Eine anonyme Gruppe, die sich «Honest Falcon» nennt, nahm den Leiter der Herzklinik daraufhin ins Visier. Sie hatte zuvor schon den Whistleblower, der Maisanos Machenschaften angeprangert hatte, mit Falschinformationen angeschwärzt. Im August 2020 reichten sie gegen Vogt eine Strafanzeige ein. Darin warfen sie ihm vor, nicht erreichbar gewesen zu sein, nachdem es zu Komplikationen gekommen sei, an welchen der Patient verstorben sei.

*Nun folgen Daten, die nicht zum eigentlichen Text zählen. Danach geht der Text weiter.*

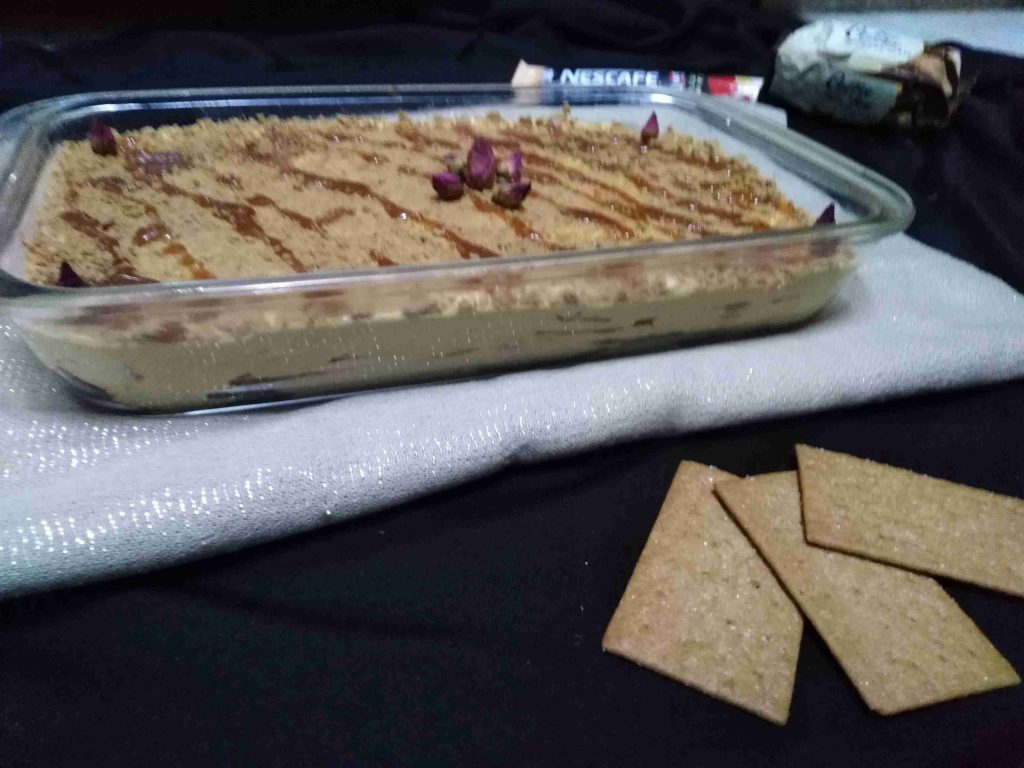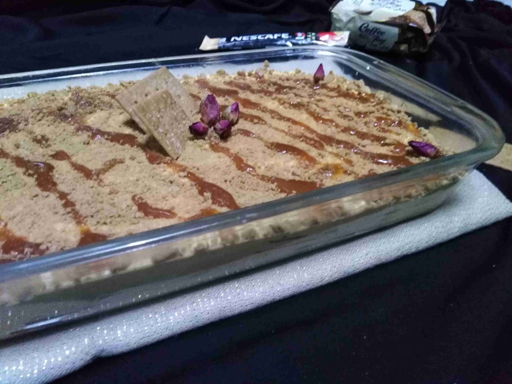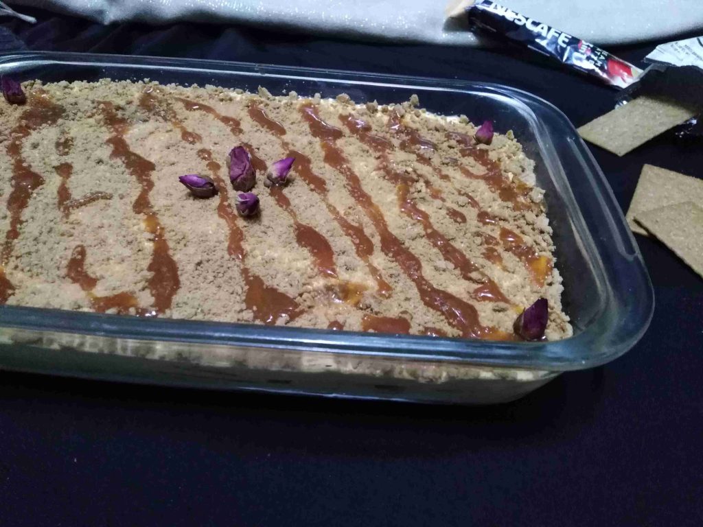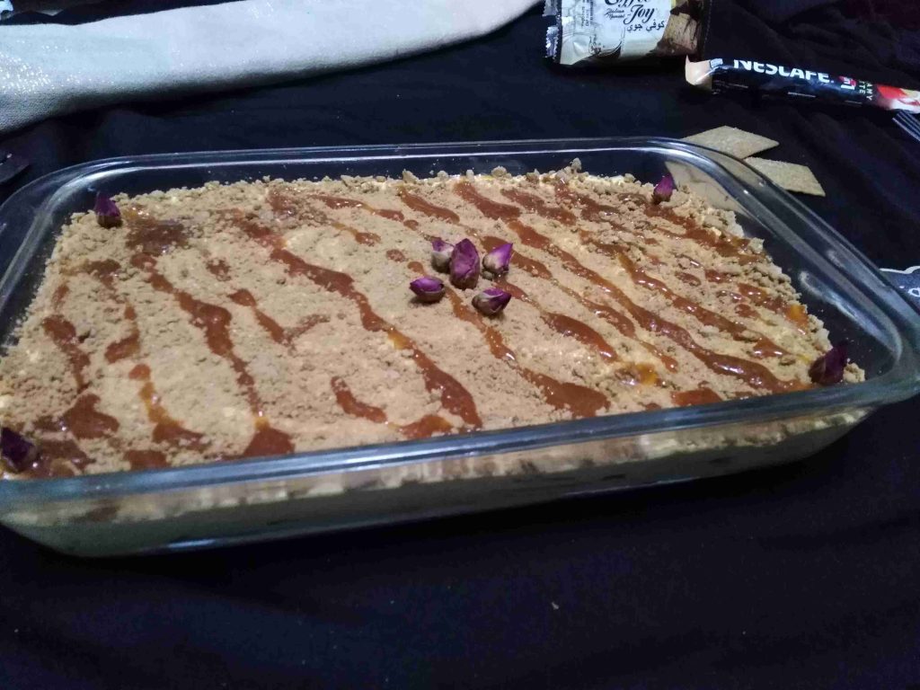 توضع بالتلاجة لمدة ليلة كاملة قبل التقديم تزين ببسكوت مطحون و كراميل

Nach aufwendigen Untersuchungen wurden sowohl der Whistleblower als auch Vogt entlastet. Dank ausgewerteten Telefondaten konnte bewiesen werden, dass Vogt mehrmals mit dem Personal im Operationssaal Kontakt hatte. Ein medizinisches Gutachten belegte ausserdem, dass kein Arzt dem Patienten hätte helfen können. Das Verfahren wegen Verdachts auf fahrlässige Tötung wurde basierend auf diesen Fakten eingestellt. Ein Verfahren wegen Urkundenfälschung im Amt hielt die Staatsanwaltschaft jedoch aufrecht.

Aber auch da wurde der Professor schlussendlich freigesprochen. Die Richterin schloss mit der Aussage: «Wir gelangten relativ schnell und klar zur Auffassung, dass Sie vollumfänglich freizusprechen sind. Sie haben wohl unter sehr schwierigen Verhältnissen versucht, das Unispital, diese Herzklinik, wieder dorthin zu führen, wo sie eigentlich hingehört.» Es sei durchaus vorstellbar, dass die Situation einen «Intrigencharakter» gehabt haben könnte.